• PROBLEM DESCRIPTION: Restate the data below word for word, omitting pictures.

• AVAILABLE DATA:

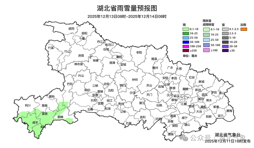 12月12日08时-13日08时,鄂西北、鄂西南、江汉平原北部、鄂东北西部小到中雨转雨夹雪或雪,高海拔地区有中到大雪;其他地区阴天有小雨,局地中雨。最高气温中西部6~12℃、东部12~17℃,最低气温北部-2~3℃、南部3~7℃,偏北风4到5级,阵风6到9级。
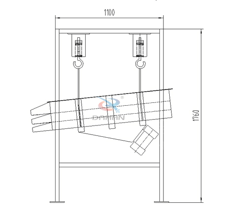 吊挂式直线振动筛分机为双振动电机驱动。当两台振动电机做同步、反向旋转时,其偏心块所产生的激振力在平行于电机轴线的方向相互抵消,在垂直于电机轴的方向叠为一合力,因此筛机的运动轨迹为一直线。两电机轴相对筛面在垂直方向有一倾角,在激振力和物料自重力的合力作用下,物料在筛面上被抛起跳跃或向前作直线运动,从而达到对物料进行筛选和分级的目的。
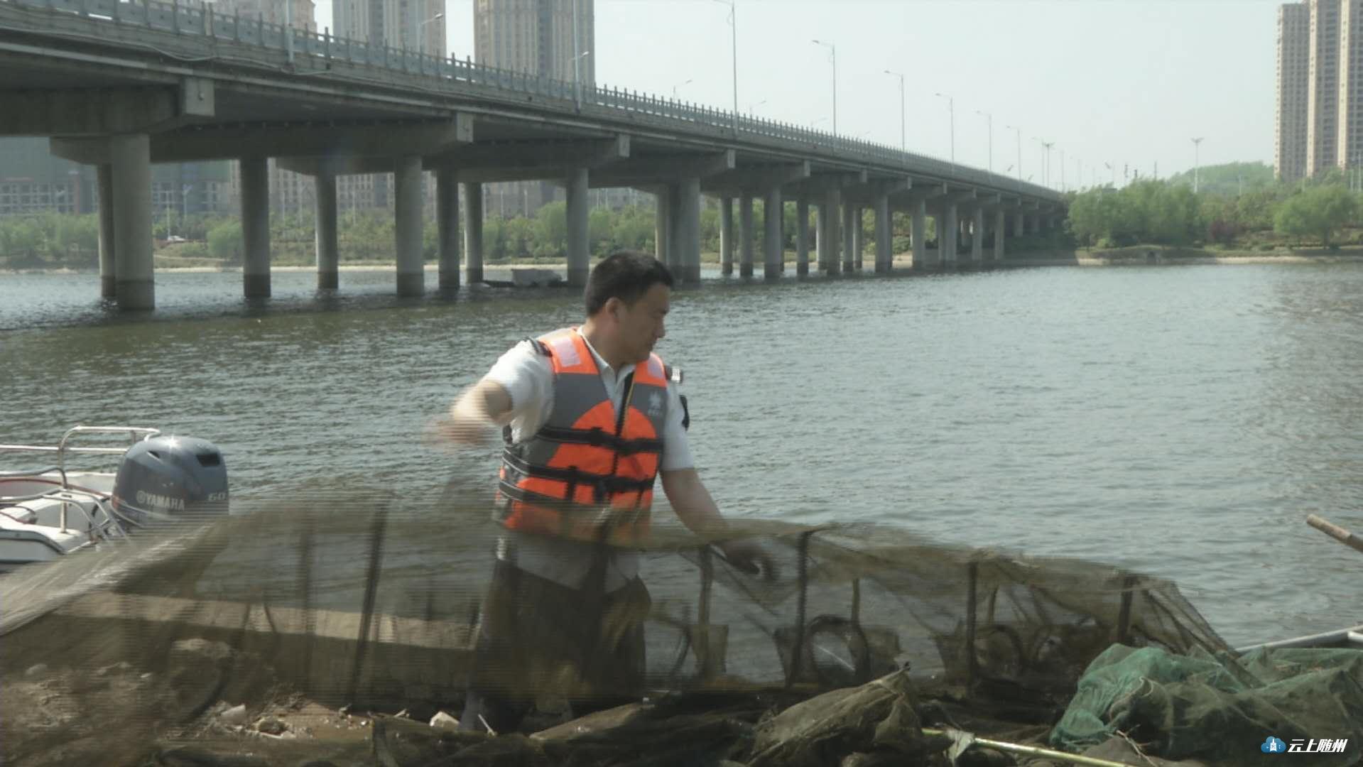 曾都区渔政部门在白云湖开展清网行动,对地笼网等渔具进行清理拆除,保护白云湖渔业资源。
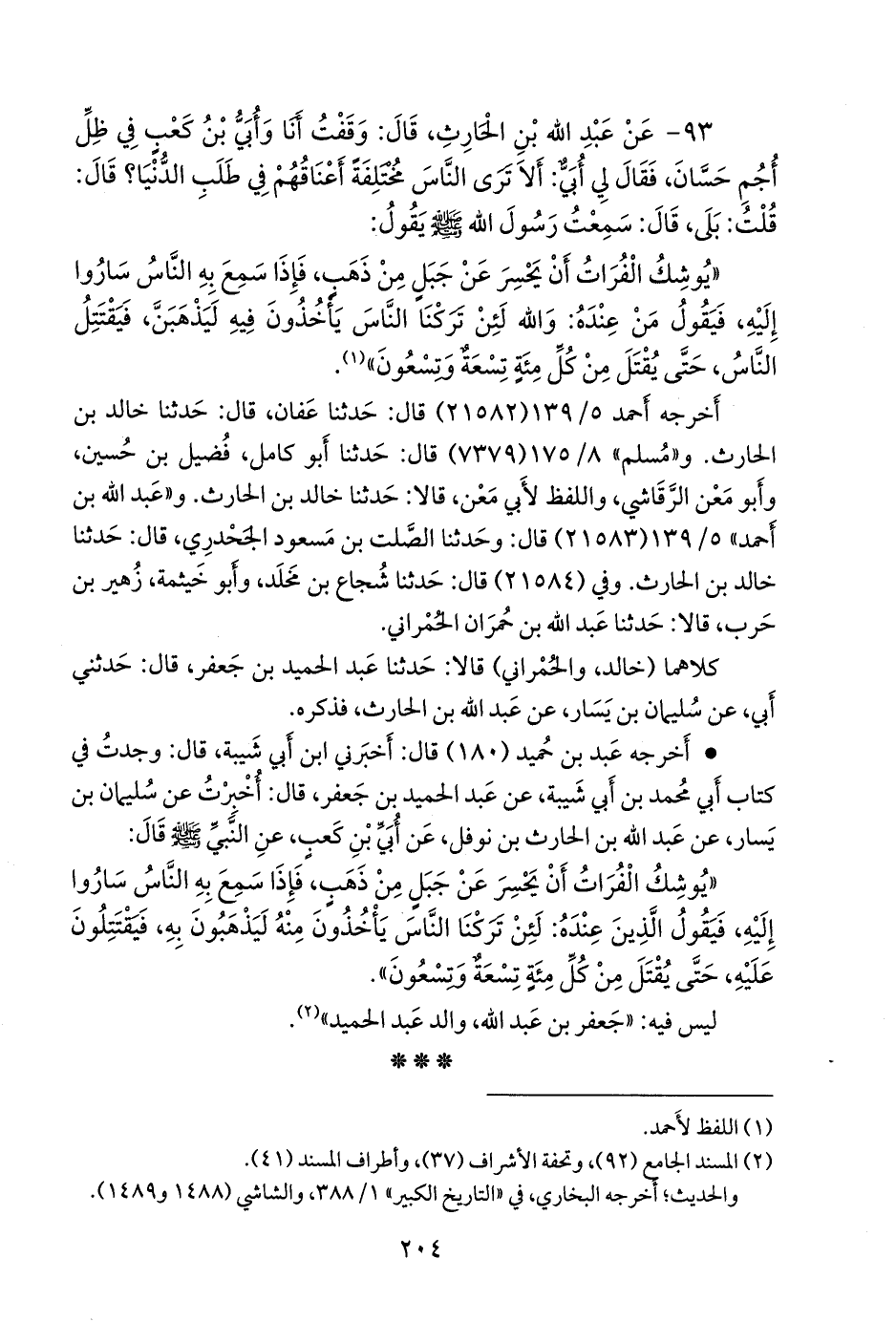 «يوشك الفرات أن يحسر عن جبل من ذهب، فإذا سمع به الناس ساروا إليه، فيقول الذين عنده: لئن تركنا الناس يأخذون منه ليذهبون به، فيقتتلون عليه، حتى يقتل من كل مئة تسعة وتسعون».

• ANSWER BOX:
 12月12日08时-13日08时,鄂西北、鄂西南、江汉平原北部、鄂东北西部小到中雨转雨夹雪或雪,高海拔地区有中到大雪;其他地区阴天有小雨,局地中雨。最高气温中西部6~12℃、东部12~17℃,最低气温北部-2~3℃、南部3~7℃,偏北风4到5级,阵风6到9级。
 吊挂式直线振动筛分机为双振动电机驱动。当两台振动电机做同步、反向旋转时,其偏心块所产生的激振力在平行于电机轴线的方向相互抵消,在垂直于电机轴的方向叠为一合力,因此筛机的运动轨迹为一直线。两电机轴相对筛面在垂直方向有一倾角,在激振力和物料自重力的合力作用下,物料在筛面上被抛起跳跃或向前作直线运动,从而达到对物料进行筛选和分级的目的。
 曾都区渔政部门在白云湖开展清网行动,对地笼网等渔具进行清理拆除,保护白云湖渔业资源。
 «يوشك الفرات أن يحسر عن جبل من ذهب، فإذا سمع به الناس ساروا إليه، فيقول الذين عنده: لئن تركنا الناس يأخذون منه ليذهبون به، فيقتتلون عليه، حتى يقتل من كل مئة تسعة وتسعون».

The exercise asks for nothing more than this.